**ACTIVITY**
Only the lines from the line with "padded parka coat" through the end of the records belong in your reply, copied exactly, with every picture left out.

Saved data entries
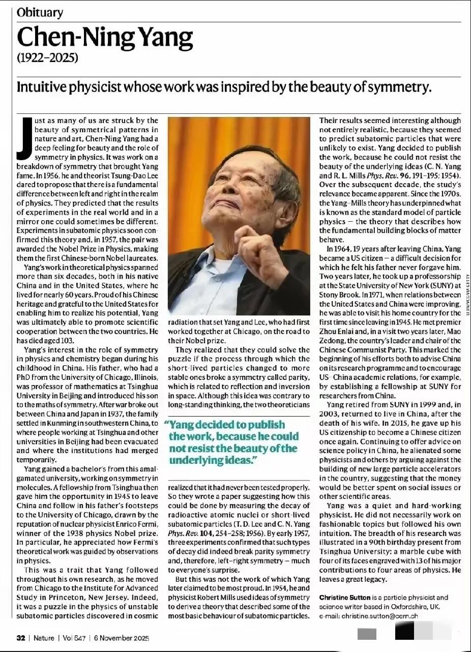 朋友问我杨振宁到底有什么杰出成就? 那这个可有得说了! 杨振宁是个研究粒子的科学家,他有个理论叫杨-米尔斯规范场论。这个理论听着复杂,但实际是现在研究微观世界的基石,靠着这个理论,有十多个科学家拿了诺贝尔奖。 他和邓稼先是好朋友,俩人从小就一块读书,后来一个搞原子弹,一个研究基础物理。邓稼先回国后直接参与两弹,杨振宁留在美国继续做研究,后来又回中国教书。两种选择都是当时国家最需要的。 杨振宁在清华教基础物理,八十岁还在给学生上课。他说过"宁拙毋巧",就是让别人都踏踏实实做学问。他办公室挂着副对联"仰观宇宙之大,俯察粒子之微",就是他做科研的态度。 晚年他帮中国引进了计算机专家姚期智,密码学家王小云。在他百岁生日时,他告诉邓稼先的家人,自己这几十年没辜负老朋友的期望。 去世前他还参与讨论要不要造大对撞机,认为科研要结合国家实际。留下的不只是理论,还有培养人才的学校。
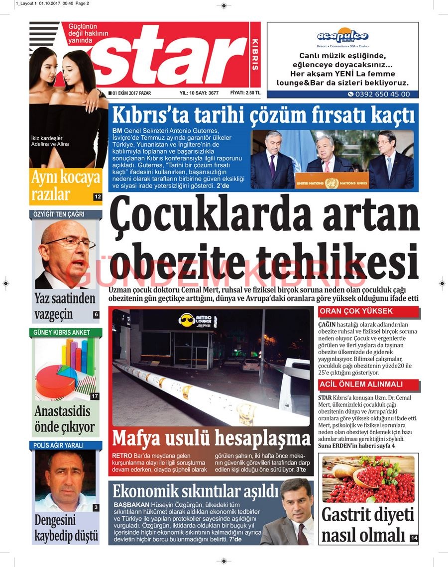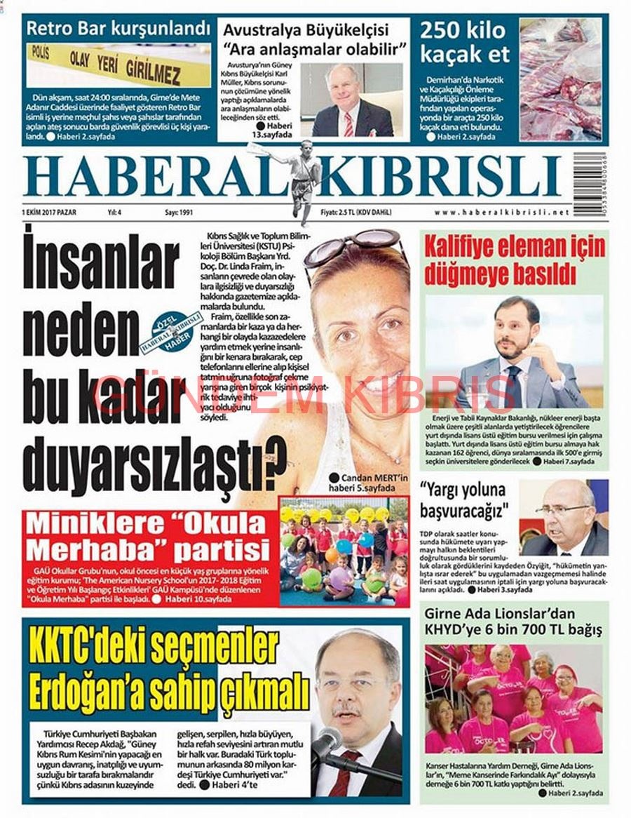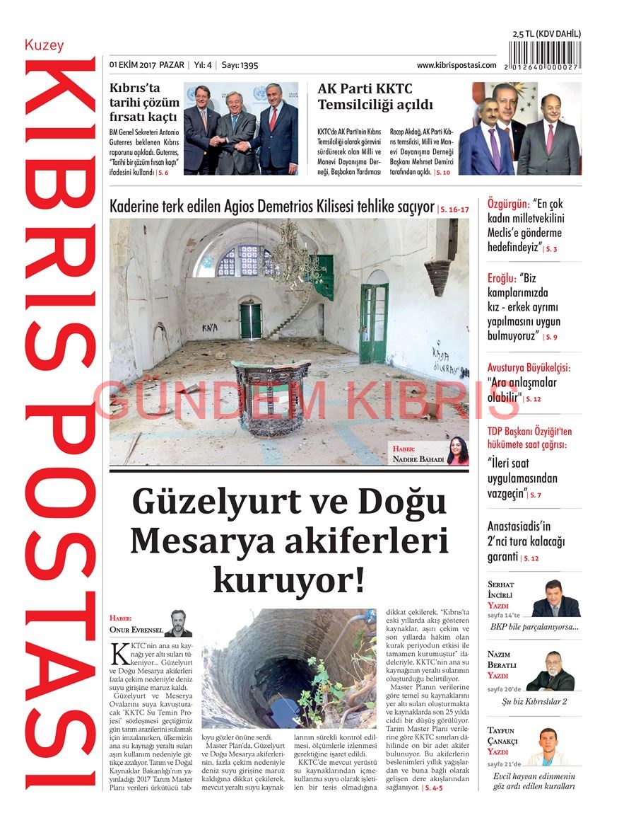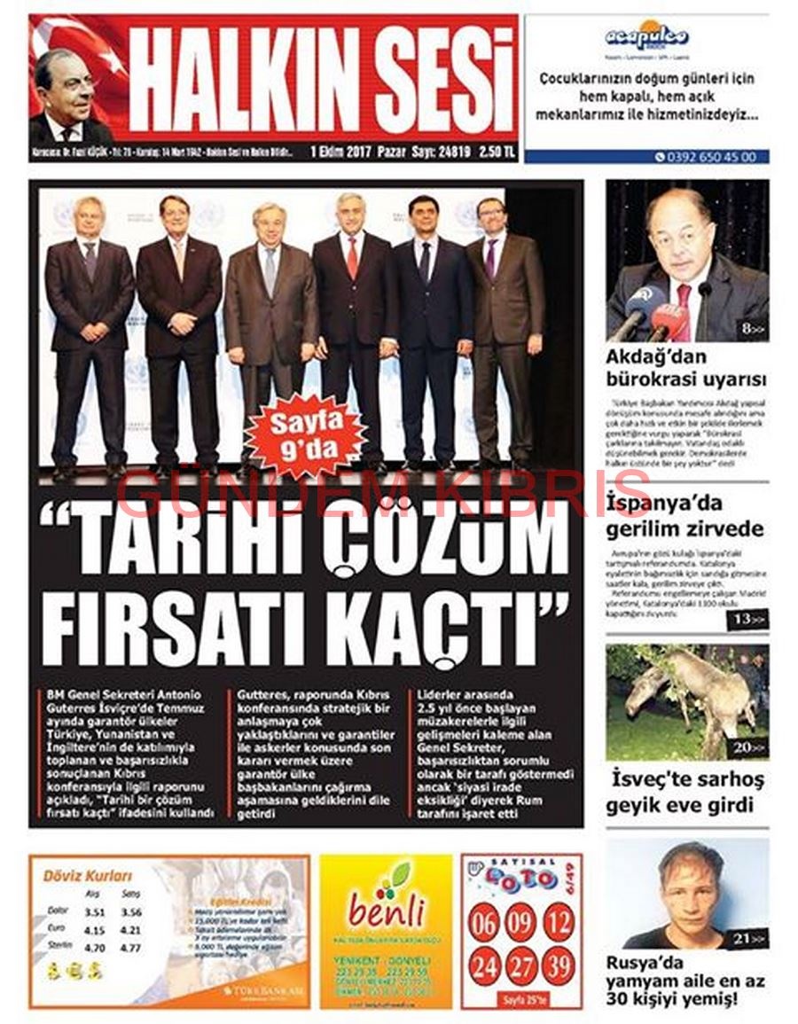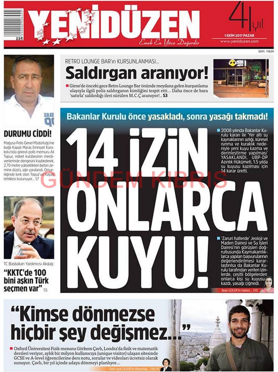 KKTC Gazete Manşetleri 1 Ekim 2017
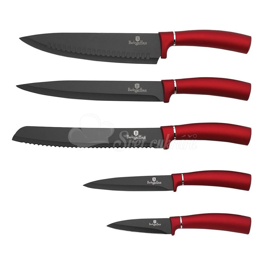 6-Piece Non-Stick Knife Set + Cutting Board Burgundy Line
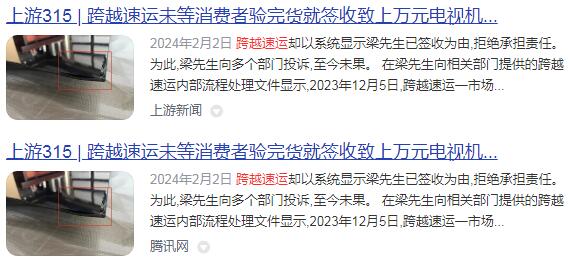 江苏的梁先生购买了1万多元的三星新款电视机,在验收时发现无法开机。因跨越速运派件员在未完成验收的情况下就在系统中标注签收,导致受损电视机无法索赔。从2023年12月1日至今,梁先生几次投诉仍没有结果,其获得的物流公司内部处理流程显示,估计因其多次打投诉电话,还被要求拉黑手机一周。
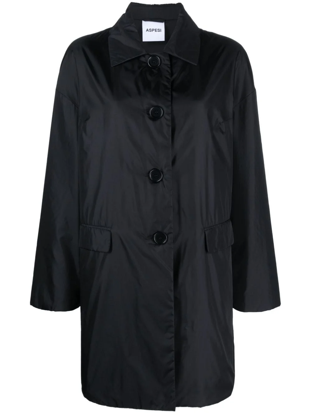 padded parka coat Highlights - Black - Padded design - Insulated design - Spread collar - Front button fastening - Long sleeves - Two front flap pockets - Straight hem - Thigh-length Imported Composition Lining: Polyamide 100%, Polyester 100% Outer: Polyamide 100% SIZE & FIT Model measurements Height 5 ft 10 in(1.77 m) Bust/Chest 34.64 in(88 cm) Hips 35.43 in(90 cm) Waist 24.8 in(63 cm) FittingInformation Designed to be unstructured, offering a loose fit throughout Made from a midweight non-stretch fabric This piece fits true to size – take your usual size Washing instructions Machine Wash
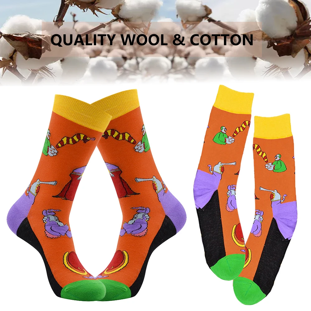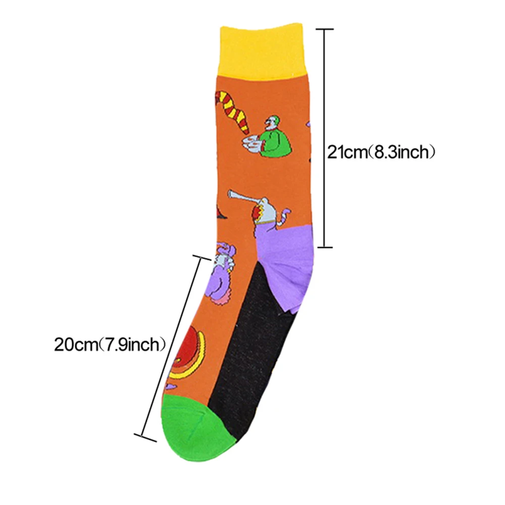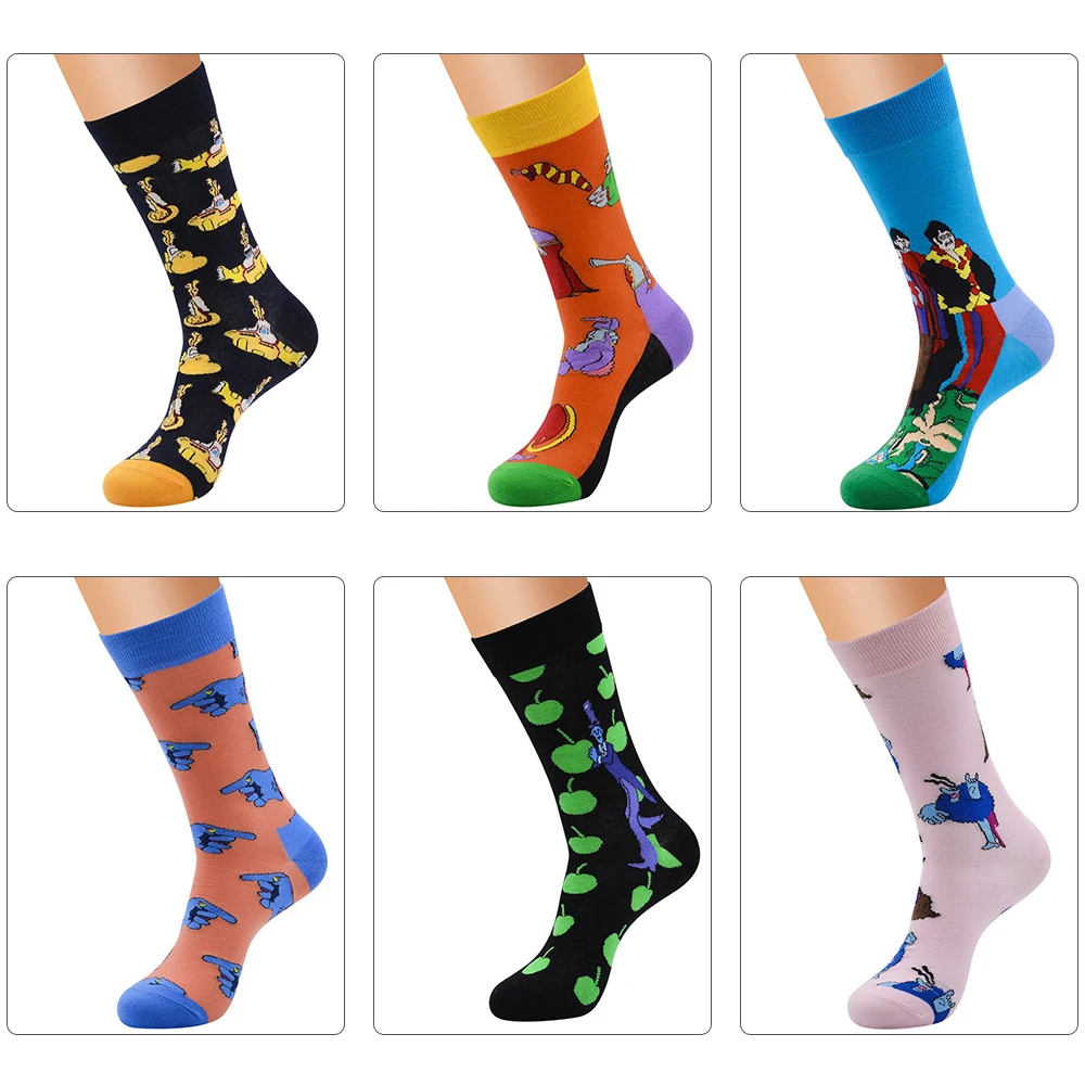 1/5, 6 штук в партии, мужская одежда носки с персонажами из мультфильмов нескользящих носочков с прикольными красочные узорные тренировочные-чесаный хлопок стеганые чулки

**TASK RESPONSE**
 padded parka coat Highlights - Black - Padded design - Insulated design - Spread collar - Front button fastening - Long sleeves - Two front flap pockets - Straight hem - Thigh-length Imported Composition Lining: Polyamide 100%, Polyester 100% Outer: Polyamide 100% SIZE & FIT Model measurements Height 5 ft 10 in(1.77 m) Bust/Chest 34.64 in(88 cm) Hips 35.43 in(90 cm) Waist 24.8 in(63 cm) FittingInformation Designed to be unstructured, offering a loose fit throughout Made from a midweight non-stretch fabric This piece fits true to size – take your usual size Washing instructions Machine Wash
 1/5, 6 штук в партии, мужская одежда носки с персонажами из мультфильмов нескользящих носочков с прикольными красочные узорные тренировочные-чесаный хлопок стеганые чулки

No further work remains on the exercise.